Я придерживал ногой под лавкой ведро – чтоб не звякало.
– Как мы жили… – зачарованно тянула бабулька. – Для раненых товарищей играли Мольера – «Мнимый больной», – на сцене стояла кровать. Больным была я. Лежала прямо на матрасе. А матрас оказался из сыпнотифозного отделения – я четыре месяца провела без сознания. Пришла в себя, когда кто-то сказал: «Ну что, в морг?» С палочкой, в платочке умершей соседки пришла в госпиталь – комиссар увидел меня и заплакал: «Вера, ведь ты умерла!» Я после этого работала в детдоме под Харьковом. С беспризорниками. И там рядом был графский дворец, и старик садовник при нем остался. Совсем старый такой… Поляк. Он все мне одно и то же толковал: «Золото все равно вернется. Вернется». Но ведь не вернулось! – исступленно крикнула бабулька. – Но ведь не вернулось… Мы были голодны, бедны, но мы были счастливы – это правда! Я в ужасе от того, что сделал Сталин, – он убил моего мужа, но мы все равно победим. Мы пробьемся! Мы выстоим и победим!

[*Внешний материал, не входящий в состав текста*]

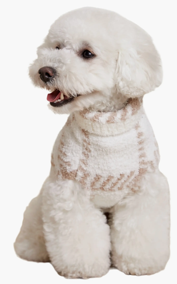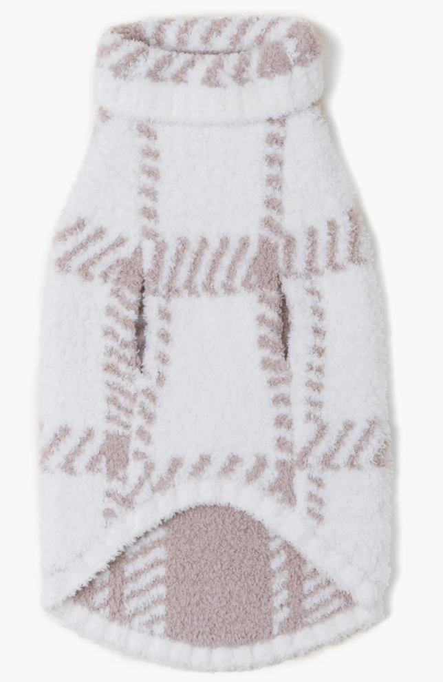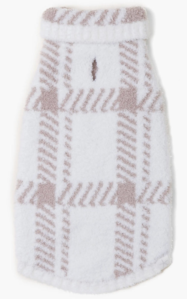 COZYCHIC PLAID PET SWEATER-PEARL/TAN

Разминувшись с мусоровозом, мы въехали в ворота интерната, украшенные румяным лицом сталевара и бронзовой фигурой пловчихи.
– Я теперь… Когда просыпаюсь по ночам – сколько всего доброго я вспоминаю, сколько добрых, чистейших, честнейших людей было вокруг. Я была знакома с женой Бела Куна, когда работала машинисткой в Институте марксизма-ленинизма. А какой чудесный человек кассирша Ирина Петровна – всего лишь за сорок копеек я могла пройти на бельэтаж, на ступеньках посмотреть спектакль… Я на пенсии посмотрела всю театральную Москву… Сколько я прочла, сколько… – Она еще не знала, что мы приехали. – И сколько добрых, хороших людей вокруг. Сколько надо людям сделать добра. И я буду помогать всем, кто вокруг… Их так много. Были б силы, были б только силы, – лопотала бабулька, а машина уже остановилась. – И самое славное. Самое главное, вы запомните!..
– Приехали, – объявил с улицы зёма и опустил борт.
Вокруг обсушенной солнцем лавочки, под свежим лозунгом «Больше социализма», стоял десяток инвалидных колясок с раскоряченными инвалидами, как стая грифов над падалью; они вовсю косились, кто во что горазд, в нашу сторону.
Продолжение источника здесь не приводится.